DATA RECORDS Start Marker

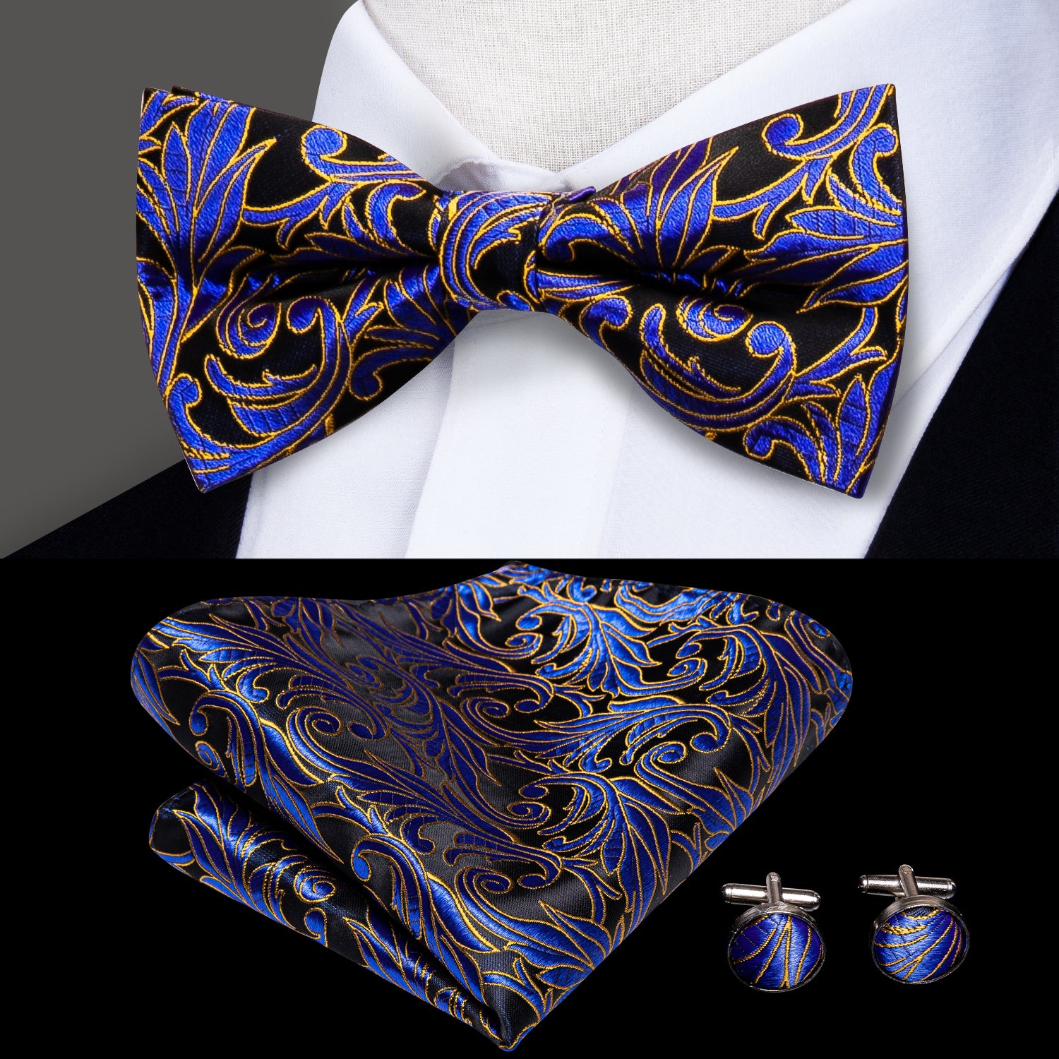 Well finished with Silky microfabric in bright Floral designs offering a festive look, companied by Bowtie and Pocket Square of the same print, and don't forget the cufflinks for your French Shirt,
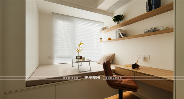 書房結(jié)合儲物:利用墻面系統(tǒng)將書房與收納功能無縫銜接,保持視覺整潔的同時,提供靈活的工作與儲物場景。
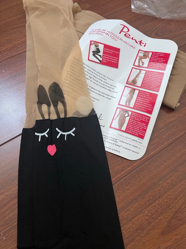 Fitted midi uzunlukta, uyuyan yüz ve kalp detaylı baskılı kadın çorabı. İnce, kağıt gibi materyalden, romantik gece için goth tarzına uygun.
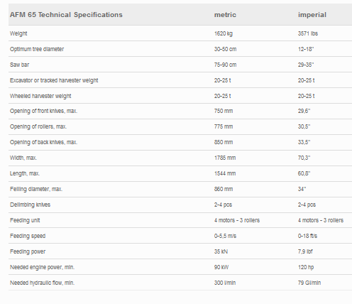 AFM 65 is a strong, reliable and highly productive harvester head for medium sized wood which can work on both wheeled and tracked machines. AFM 65 means an optimal combination between capacity, weight, feeding power and force and is an efficient tool for clearcuttings, big thinnings and processing operations. Four movable knives on AFM 65 allow smooth and accurate delimbing even of big trees with heavy branches. The stem is constantly centered in the head with four feeding rollers ensuring precise length and diameter measuring. Proportional adjustments of pressures on rollers and knives according to the stem diameter increase considerably the effectiveness of feeding and delimbing. The shape of knives on AFM 65 allows easy working from pile or in wind stormed areas. AFM 65 can work with a variety of different measuring systems and can be easily adapted to any type of base machine. The AFM 65 is perfectly suited for 20-25 tons excavators, wheeled and tracked harvesters.
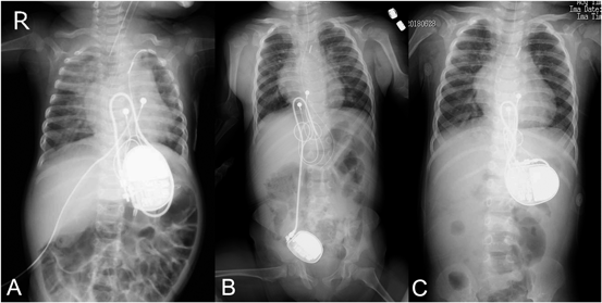 A 10-month-old female infant underwent an epicardial single chamber pacemaker implantation due to post-operative complete heart block following repair for ostium secundum type atrial septal defect (ASD). The patient was a monochorionic-diamniotic twin born at 24 weeks 5 days gestational age with a birthweight of 378 g. The pregnancy was complicated with twin-to-twin transfusion syndrome and postnatally she was managed at the referring neonatal center. She had pulmonary hypertension secondary to chronic lung disease, and remained on mechanical ventilatory support and continuous infusion of epoprostenol. She was transferred to our center for consideration of ASD closure and the surgery was performed at 10-months of age at a bodyweight of 3.0 kg. The patient developed post-operative complete heart block which did not resolve and an epicardial pacemaker implantation was performed one month post surgery. The pacing lead (4968 CapSure Epi 4968, Medtronic) was fixed to the right ventricular epicardium and the generator (Adapta SR ADSR01, Medtronic). The size of the generator was 42.9 mm in height, 40.2 mm in width, and 7.5 mm in thickness. The volume was 9.7 mL, and the weight was 21.5 g. A pocket was created under the left side of the rectus muscle, just above the posterior sheath (Fig. 1A). A part of the posterior sheath was torn because it was very fragile and thin because the patient was very small. It was very difficult to suture the torn posterior sheath. She was transferred back to the referring neonatal center 10 days post device implantation and received ongoing care until 20 months of age. Multiple complications included chronic lung disease, cerebral ventricular enlargement, optic nerve hypoplasia, retinopathy, and panhypopituitarism. She also continued to have frequent episodes of vomits which was thought to be secondary to gastroesophageal reflux. She returned to the outpatient clinic for her first routine pacemaker interrogation at 22 months. The device could not be detected by the programmer head at the original position and was noted to be in the pelvic region. An abdominal X-ray confirmed the migration of the device into the pelvic space (Fig. 1B). Although there appeared to be traction of the lead due to the generator dislocation, the lead continued to show stable thresholds at 1.25 V at 0.4 msec pulse width. In retrospect, previous X-rays performed at the referring center demonstrated migration, however this finding remained unnoticed. Given the risk of potentially life-threatening complications, the decision was to perform a generator reimplantation. An intraperitoneal migration of the device into the Douglas cavity was discovered, with a defect in the peritoneum. The generator pocket was once again created between the posterior sheath of the rectus muscle and left border of the rectus muscle and was further sutured to the posterior sheath (Fig. 1C). The perioperative course was uneventful and the patient was discharged from hospital 5 days post-surgical reimplantation. Since reimplantation of the device, her symptoms of vomits have completely resolved and the patient remains asymptomatic after a follow-up period of 6 months. Cardiac function of the patient was preserved through the course.
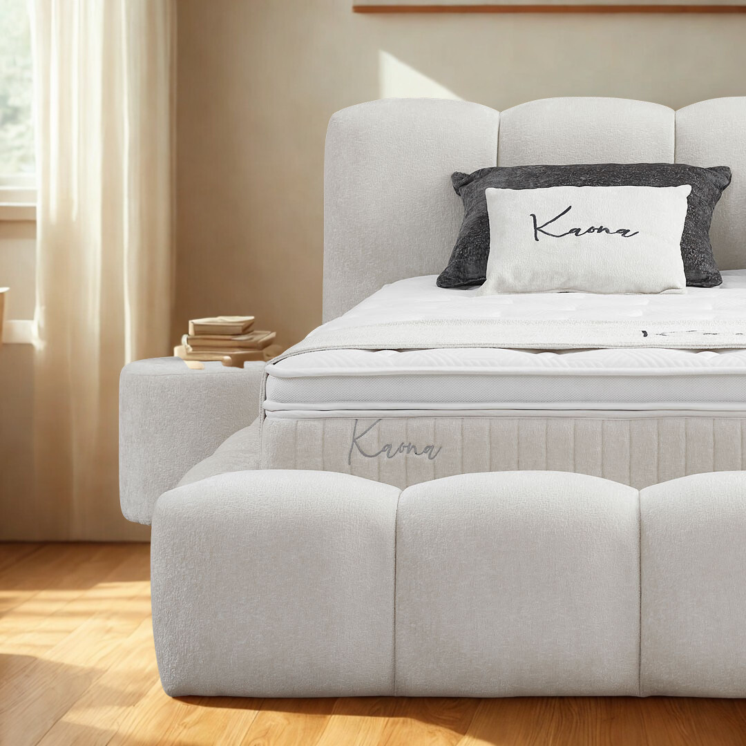 Het opbergbed Kaona straalt warmte en klassieke elegantie uit. Dankzij het verfijnde design en het slimme opbergsysteem combineert dit bed moeiteloos stijl met praktisch gebruiksgemak.
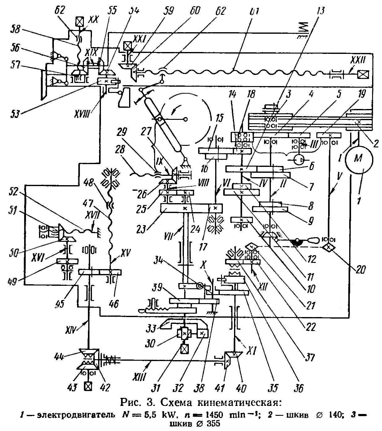 Механізми, размещенные в станине верстата, имеют принудительную централизованную смазку. Привід верстата — от отдельного електродвигуна, включаемого з кнопочной станції.

DATA RECORDS End Marker

The required output is the exact run of lines from the start of the records through the line containing "AFM 65 is a", both ends included, with no pictures.

 Well finished with Silky microfabric in bright Floral designs offering a festive look, companied by Bowtie and Pocket Square of the same print, and don't forget the cufflinks for your French Shirt,
 書房結(jié)合儲物:利用墻面系統(tǒng)將書房與收納功能無縫銜接,保持視覺整潔的同時,提供靈活的工作與儲物場景。
 Fitted midi uzunlukta, uyuyan yüz ve kalp detaylı baskılı kadın çorabı. İnce, kağıt gibi materyalden, romantik gece için goth tarzına uygun.
 AFM 65 is a strong, reliable and highly productive harvester head for medium sized wood which can work on both wheeled and tracked machines. AFM 65 means an optimal combination between capacity, weight, feeding power and force and is an efficient tool for clearcuttings, big thinnings and processing operations. Four movable knives on AFM 65 allow smooth and accurate delimbing even of big trees with heavy branches. The stem is constantly centered in the head with four feeding rollers ensuring precise length and diameter measuring. Proportional adjustments of pressures on rollers and knives according to the stem diameter increase considerably the effectiveness of feeding and delimbing. The shape of knives on AFM 65 allows easy working from pile or in wind stormed areas. AFM 65 can work with a variety of different measuring systems and can be easily adapted to any type of base machine. The AFM 65 is perfectly suited for 20-25 tons excavators, wheeled and tracked harvesters.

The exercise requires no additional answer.